Прозвучал неприятный, надтреснутый звон колокольчика. Улица была пустынна; дома по обеим сторонам стояли хмуро и безмолвно. Еще не начинало светать, и тьма казалась мертвой; небо было в сером тумане. Потом издали опять полетел перезвон башенных часов: било четверть третьего. Тогда послышались шаги дворника: не то в валенках, не то в каких-то туфлях. Он долго гремел ключами, дважды посмотрел в окошечко в воротах, наконец отпер. Латыгин быстро сунул ему в руку приготовленный двугривенный; он дал бы и больше, но чувствовал, что будет смешно. Все же, проходя по двору, он явственно слышал за собой недовольное бормотанье и мог разобрать слова:
— Шатаются… тоже… музыканты… Моцарт!
2Латыгины занимали маленькую квартирку в полудеревянном флигеле в глубине двора. Внизу были каменные погреба, служившие для «барских» квартир другого, большего дома, фасадом выходившего на улицу. Деревянный верх флигеля был приспособлен под жилье: две крохотных комнатки, третья — темная и кухня, бывшая в то же время и прихожей, так как через нее был единственный вход. Зимой во флигеле было нестерпимо холодно, порой не больше 6–7°; если бы даже топить втрое больше, чем сколько позволяли себе Латыгины, — невозможно было удержать тепло в ветхих стенах и нельзя было защититься от стужи и сырости, проникавших из погребов, снизу. Но квартира была совершенно уединенная, Латыгин мог хотя бы целый день играть на своей скрипке, не мешая никому.

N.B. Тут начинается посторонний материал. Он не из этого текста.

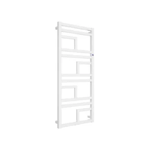 Płaski, prosty w formie grzejnik w kolorze białym. Kwadratowe kolektory i układ listew przypominający cegłę świetnie współgrają z nowoczesną, kwadratową armaturą.
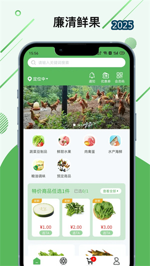 廉清APP的核心功能是其商品丰富、分类清晰的全品类生鲜商城。商城首页根据用户偏好与季节变化,智能推荐当季热销水果、爆款生鲜及折扣生活用品。用户可按 “蔬菜专区”、 “水果集市”、 “肉禽蛋奶”、 “水产海鲜”、 “粮油调味” 及 “家居百货” 等精细化分类进行浏览选购。平台为每件商品提供高清实拍图、详细规格参数、溯源信息(如产地、批次)及用户真实评价。高效的 “智能购物车” 支持跨品类商品一键合并结算,自动计算商品总价、优惠折扣及预估运费,并可根据用户选择的履约方式(自提或配送)动态调整可下单时间与最终费用,实现流畅的一站式购物体验。
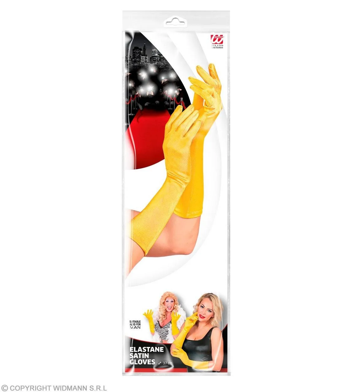 Elegante Handschoenen Satijn Elastaan 40 Centimeter Geel
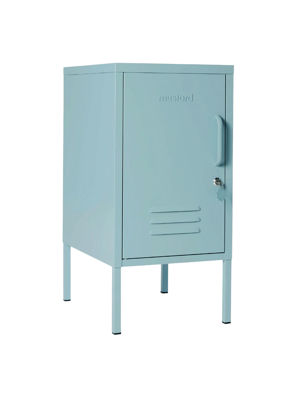 Inside, there are two adjustable shelves and one handy hook. On the outside, you'll find a handle, lock, custom keyring, air vents and a subtle embossed 'mustard', to let you know it's the real deal. The door opens to the left! Plus, the whole locker is smooth, matte and magnetic. Screens don't always do our colours justice — order a swatch to see how it looks in your space. Because good things come in small packages! The Shorty is a mini locker with lots of uses, from bedsides to offices and everywhere in between.
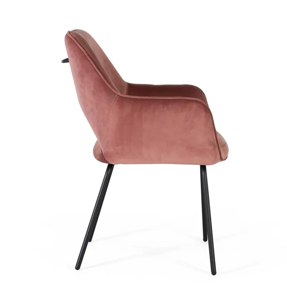 Der Armlehnenstuhl „Flawia“ vereint ansprechendes Design mit außergewöhnlichem Komfort. In den Farben Altrosa und Schwarz gehalten, ist dieser Stuhl ein echtes Highlight in Ihrem Zuhause. Der Samtbezug sorgt für ein luxuriöses Gefühl, während das schwarze Metallgestell eine zeitgemäße Note verleiht. Egal, ob im Esszimmer, am Schreibtisch oder als zusätzlicher Komfort in der Lounge-Ecke – dieser Stuhl passt sich mühelos Ihrem Raumkonzept an und setzt modische Akzente.
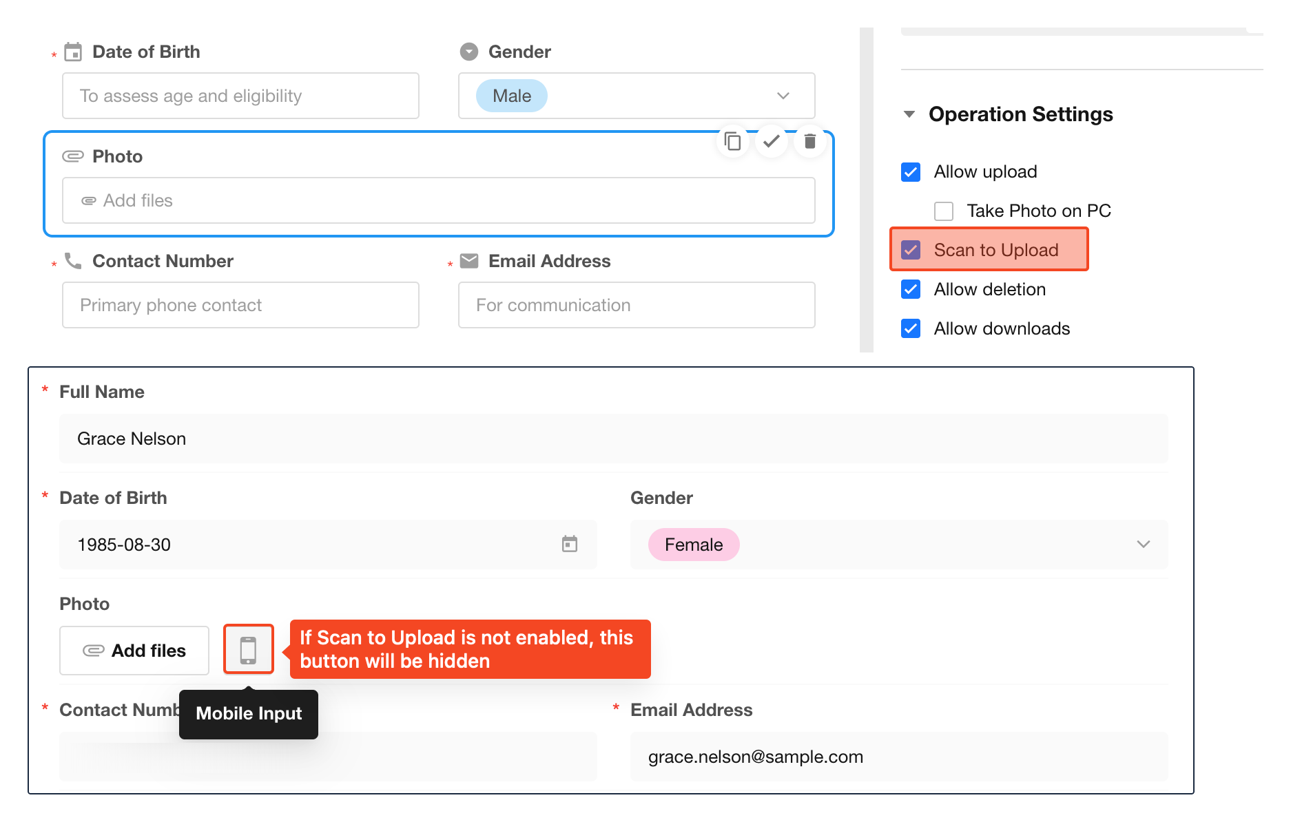 When editing a record on a PC while files or photos are stored on a mobile device, click Scan to Upload and scan the QR code to upload files directly from your phone to the PC.
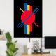 Póster Círculo Rojo con Bares Azules y Amarillos
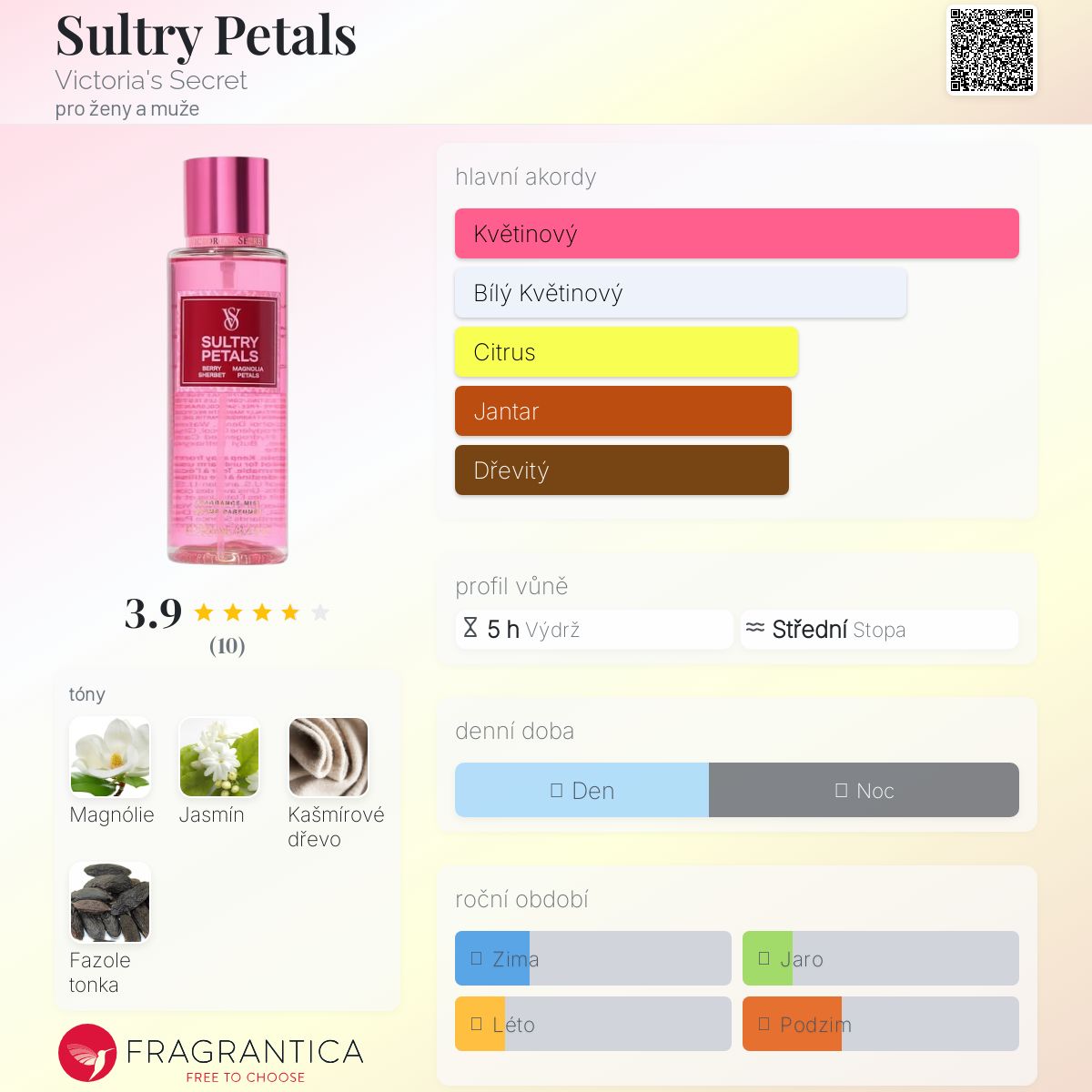 Sultry Petals podle Victoria's Secret je Floral vůně pro ženy a muže. Toto je nová vůně. Sultry Petals byl/a uveden/a v roce 2025. střední tóny jsouOkvětní lístky mólagnie a Jasmín ; základní tóny jsou Kašmírové dřevo a Fazole tonka.
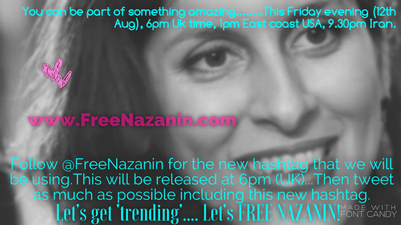 In preparation, we have created a new hashtag which will be released via social media (@FreeNazanin on Twitter) at 6PM UK time on Friday August 12th.
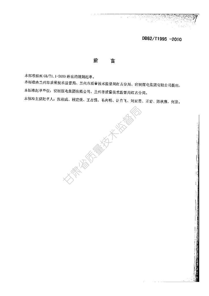 • 提出单位:兰州市质量技术监督局、兰州市质量技术监督局红古分局、窑街煤电集团有限公司
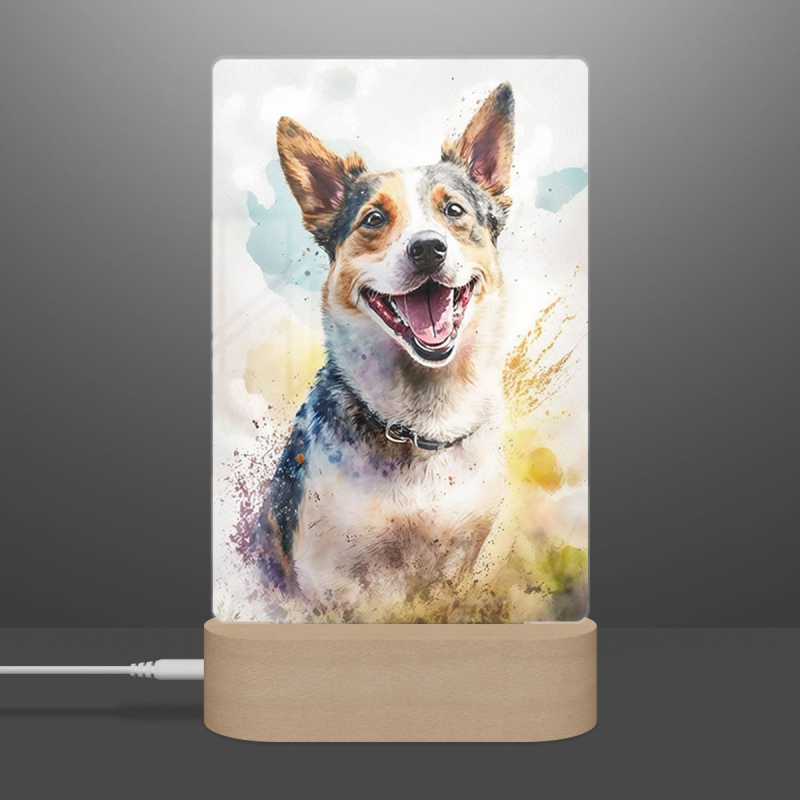 Součástí balení je akrylové sklo dle výběru, dřevěný RGB LED stojánek a napájecí USB kabel.

Никто не мешал и ему, кроме криков на дворе, к которым он скоро так привык, что просто не слышал их — разве уж очень выдастся голосистый разносчик, предлагающий: «Клубника, малина, черно-смородина!» Это уединение и заставляло «Моцарта» держаться за свою квартиру: нигде он не получил бы за ту же скудную плату такой обособленности ото всех.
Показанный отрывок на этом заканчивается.